PR

産経WEST 産経WEST

【春高バレー】洛南「完全優勝」達成 楽しいバレー追求し栄冠

Messenger
第71回春の高校バレー決勝 男子 清風(大阪)対洛南(京都) 優勝し、胴上げされる洛南の山本龍主将=13日、武蔵野の森総合スポーツプラザ(福島範和撮影)
第71回春の高校バレー決勝 男子 清風(大阪)対洛南(京都) 優勝し、胴上げされる洛南の山本龍主将=13日、武蔵野の森総合スポーツプラザ(福島範和撮影)

 バレーボールの全日本高校選手権最終日は13日、東京・調布市武蔵野の森総合スポーツプラザで決勝が行われ、男子は洛南(京都)が14大会ぶり2度目の優勝を果たした。洛南は大塚、垂水の強打が有効で堅守も光り、初優勝を狙った清風(大阪)を3-0で破った。

 最後まで強気に攻めた洛南が、栄冠を奪い取った。マッチポイントで、主将の山本龍(3年)が相手スパイクをがっちりとブロックしてストレート勝ち。選手たちは握手を交わし、喜びを分かち合った。

 全5試合で1セットも落とさない「完全優勝」の達成。山本は「最高の気分。自分たちが楽しくバレーをやった結果」と歓喜に浸った。

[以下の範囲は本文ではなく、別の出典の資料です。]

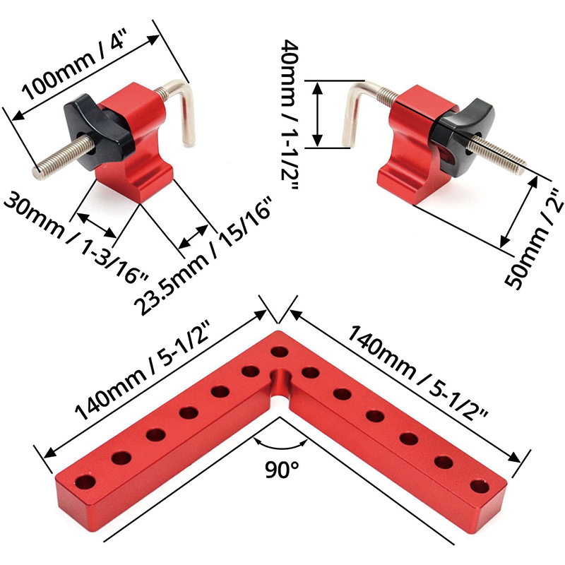 2 Pack, Size: 5.5" x 5.5", this clamps fit for the wood board thickness from 7/16" to 1- 9/16", and 90 degree angle can offer strong balance for convenient use.
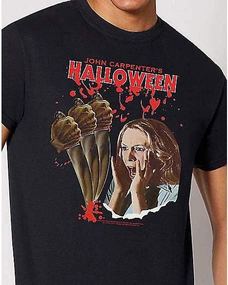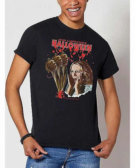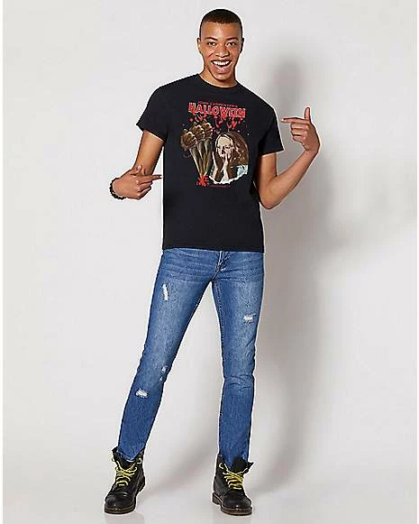 Everyone will know what youβre binging when you show off your taste in horror movies with this officially licensed Halloween T Shirt. Suit up in this stylish tee and youβll always be showing your fandom.Β

 ダブルエースが覚醒した。第1セットから大塚達宣(たつのり)(3年)がバックアタックを次々と打ち込む。第2セットは垂水優芽(ゆうが)(3年)が「大塚に負けたくない思いがある」と本領発揮。最高到達点340センチの跳躍力を生かしたスパイクを繰り出す。清風の3枚ブロックをものともせず、2人で得点を量産した。

 険しい道のりだった。前回大会は準優勝で涙をのんだ。優勝候補とされた昨夏の全国高校総体は市尼崎(兵庫)に決勝で屈した。その後チームは重苦しい空気に陥った。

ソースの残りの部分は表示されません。